→ **Work request**:
What the answer must hold is the line containing "许多品牌将电脑板放在集成灶台" and all lines after it through the end of the listing, copied exactly, with pictures left out.

→ **Information supplied**:
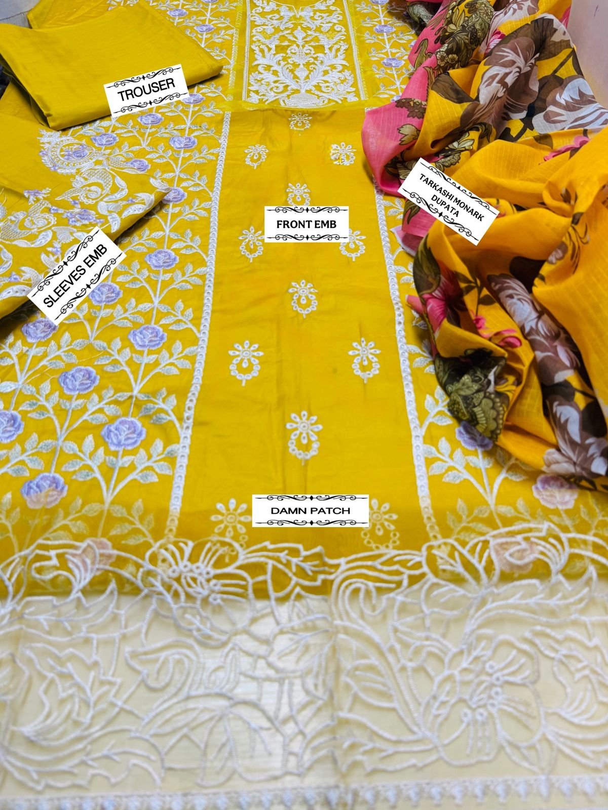 🌻LAWN AIR JET BEST WORLD CLASS QUALITY STUFF 🌻front Full boring Emb 🌻TARKASHI monark dupata 🌻 Seleeves Heavy Emb 🌻Dyed trouser 🌻damn Boring patch
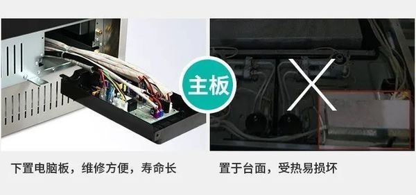 许多品牌将电脑板放在集成灶台面下方,热度高、没有防护措施,很容易老化短路。维修的时候需要将机器从橱柜里面拉出拆卸台面,非常复杂。
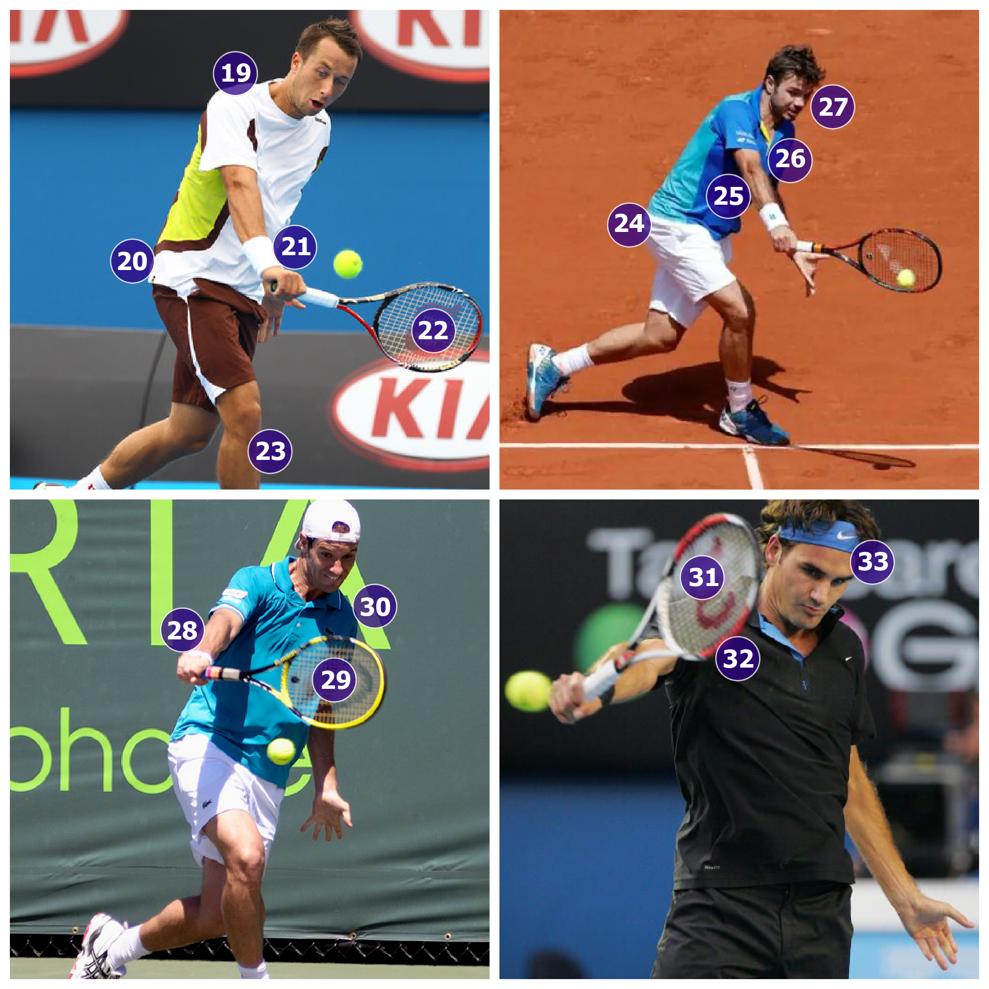 30. Left shoulder remains behind body through the contact point and must remain back throughout the stroke.

→ **Your response**:
 许多品牌将电脑板放在集成灶台面下方,热度高、没有防护措施,很容易老化短路。维修的时候需要将机器从橱柜里面拉出拆卸台面,非常复杂。
 30. Left shoulder remains behind body through the contact point and must remain back throughout the stroke.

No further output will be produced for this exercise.